I am using the following statement to make a make my table a temporal one:

ALTER TABLE [dbo].[AnalysisCustomRollupsV2JoinGroups]
ADD [SysStartTime] DATETIME2(0) GENERATED ALWAYS AS ROW START HIDDEN CONSTRAINT DF_AnalysisCustomRollupsV2JoinGroups_SysStart DEFAULT GETUTCDATE()  
   ,[SysEndTime] DATETIME2(0) GENERATED ALWAYS AS ROW END HIDDEN CONSTRAINT DF_AnalysisCustomRollupsV2JoinGroups_SysEnd DEFAULT CONVERT(DATETIME2(0), '9999-12-31 23:59:59'),   
PERIOD FOR SYSTEM_TIME ([SysStartTime], [SysEndTime]); 

ALTER TABLE [dbo].[AnalysisCustomRollupsV2JoinGroups]   
SET (SYSTEM_VERSIONING = ON (HISTORY_TABLE = dbo.AnalysisCustomRollupsV2JoinGroupsChanges));

The issue:

On my local SQL instance I have many databases; it’s very strange that the query runs successfully on some of them, and on some of them it gives me the following error:

Msg 13542, Level 16, State 0, Line 51 ADD PERIOD FOR SYSTEM_TIME on
table ‘dbo.AnalysisCustomRollupsV2JoinGroups’ failed because there are
open records with start of period set to a value in the future.
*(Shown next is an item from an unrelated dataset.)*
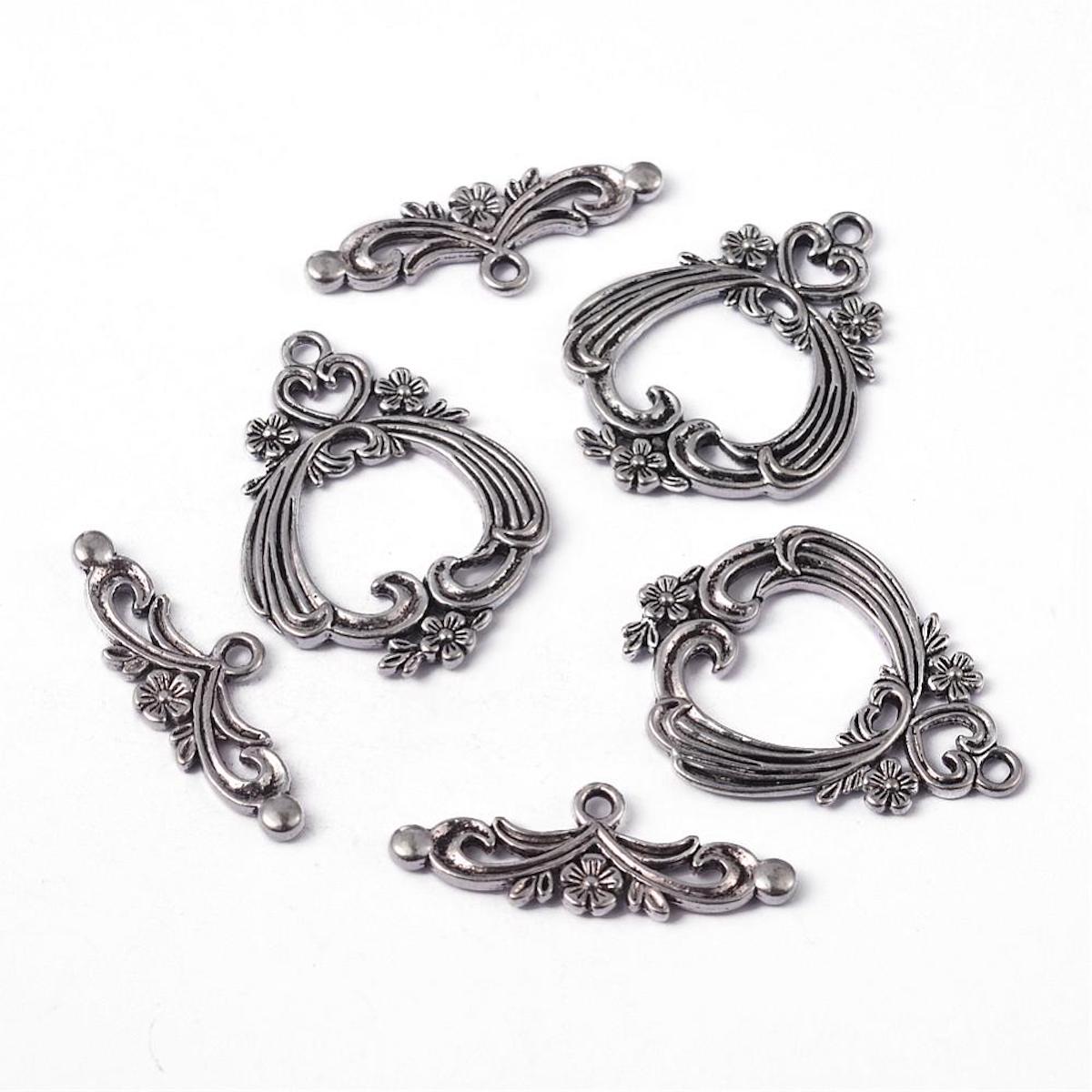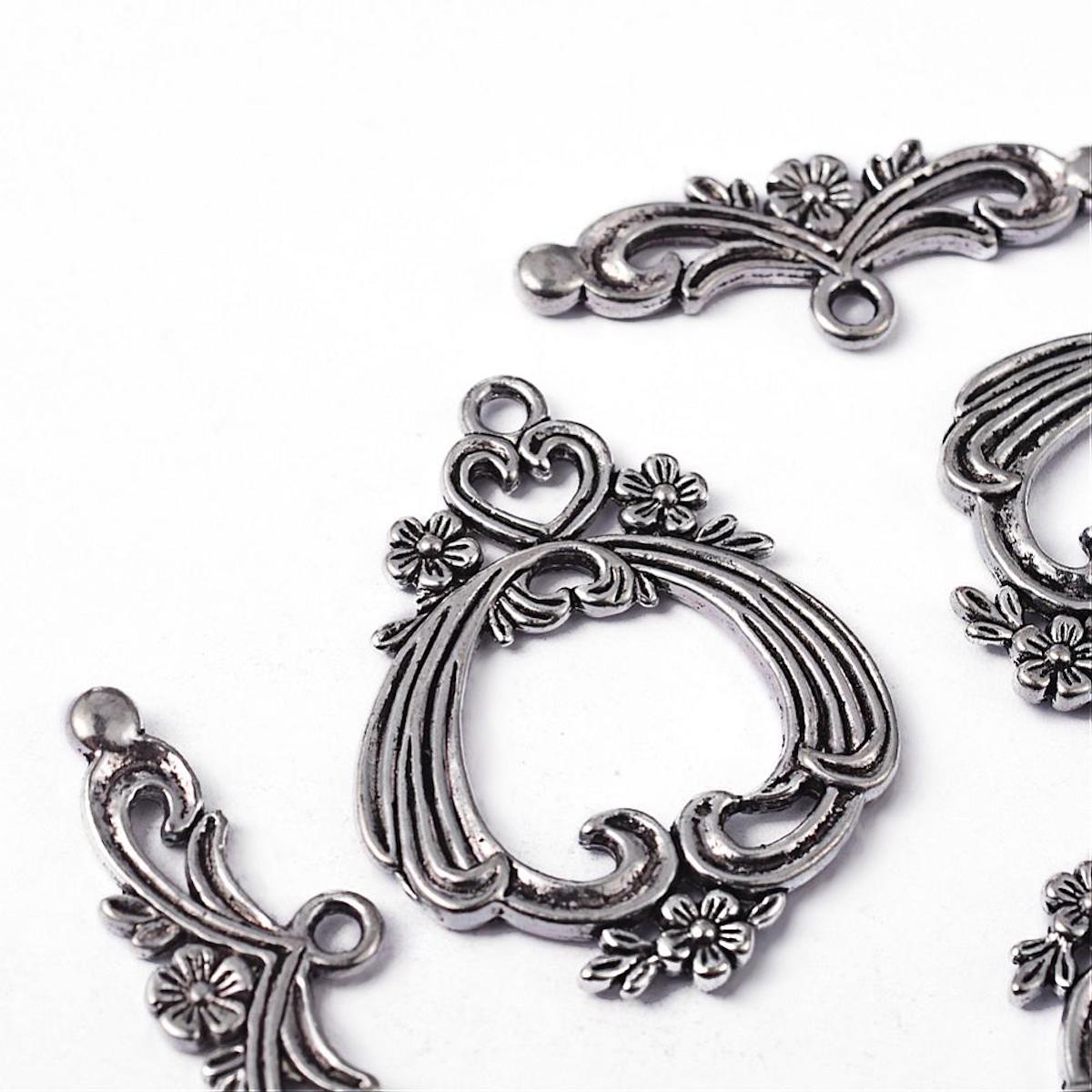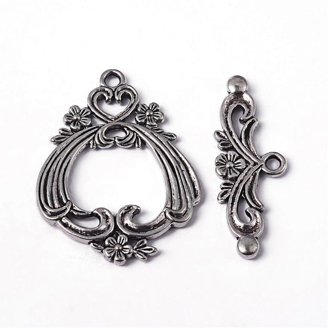 Flower & Heart Toggle (1) - Antique Silver

Sometimes, when I am debugging/executing the query, the initial query runs successfully.

I read, that this could be because I have existing data in the table. So, I have change the logic like this:

  • create buffer table and populated it with all records
  • delete the records from the original table
  • create the temporal table
  • move the records back and drop the buffer table

and again, on some databases it is OK, and on other is not. Trying to resolve the issue I have found the following:

For the StartDate I’ve specified the current UTC date – this could be
any date and time that’s not in the future, though note it should be a
UTC one. If I’d tried to use GETDATE, as I’m currently on British
Summer Time, I would get the following error: Msg 13542, Level 16,
State 0, Line 51 ADD PERIOD FOR SYSTEM_TIME on table
‘TestAudit.dbo.SomeData’ failed because there are open records with
start of period set to a value in the future.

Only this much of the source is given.